2. Amount owed on accounts is too high :

This factor may look at their debt in comparison to other consumers, and if their debt is higher
than optimal, it could show up as a reason why the bank shouldnt approve or give more priority
for such highly burdened borrowers.
3. Too many inquiries in the last 12 months :
This reason appears when customers credit report indicates a high number of credit applications
(inquiries) within the last year. But not all are counted the same. Checking their own credit
reports doesnt count; nor do promotional inquiries, inquiries from employer and insurance
companies, and account reviews by their current creditors. The impact of inquiries on their credit
will vary, depending on their overall credit profile, but the typical inquiry can be expected to
impact their score by about 5 points.
4. Level of delinquency on accounts :
Delinquency refers to payments that were late. The general rule of thumb is that the higher the
delay in servicing timely payments, the greater the impact to such customers credit score.
5. Time since delinquency is too recent or unknown:
Recent late payments will have a greater impact on the credit score than older late payments.
Typically, those within the most recent year or two can hurt the scores the most. If an account
was delinquent a while ago, but the credit report doesnt indicate the date, this factor can pop up
as well and in this situation banks need to be more alert.
6. Serious delinquency, derogatory public record or collection filed:
This can mean that the customer's credit report includes a bankruptcy, judgment, tax lien or
collection account. Bankruptcy remains on the report for 10 years from the date of its file; paid
judgments can be reported for 7 years but unpaid judgments can stay on there even longer; paid
tax liens are removed 7 years after being paid, but unpaid tax liens can remain on the report

indefinitely; while collection accounts may be reported seven years and 180 days from the date it
first fell behind with the original creditor leading up to the account being turned over to
collections.
7. No recent revolving balances (or no recent bankcard balances)
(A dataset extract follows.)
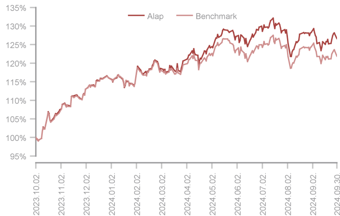
Az alap teljesítménye az elmúlt 12 hónapban

This reason may appear when the credit report doesnt include any revolving accounts (usually
credit cards), or when all the credit cards closed or are no longer being reported. If the customer
have open credit cards, it may also appear when there are no balances on those accounts.
8. Lack of recent installment loan information:
When customer had a mortgage and it was paid off years ago, pay cash for his car, or he dont
have any outstanding student loans. Guess what? The fact that the customer is ultra-responsible
here doesnt help his credit scores, but banker needs to check this case very carefully from he
time he downloads this report by filling up the KYC details. If the score is genuinely low then
banker can go ahead with the case.
9. Too many consumer finance company accounts.
Consumer finance companies make relatively small personal loans, usually limited to several
thousand, and quite often at interest rates higher than those on most credit cards. Consumers who
rely heavily on consumer finance company accounts tend to be riskier to lenders than consumers
who do not have any.
10. Negative/Restricted profiles should not be entertained:
Loans to customer in restricted profession as per the past experience and analysis will not be
offered. However if the customer has at least one year loan track record of a sound EMI from a
approved financer then the case can be treated in a deviation.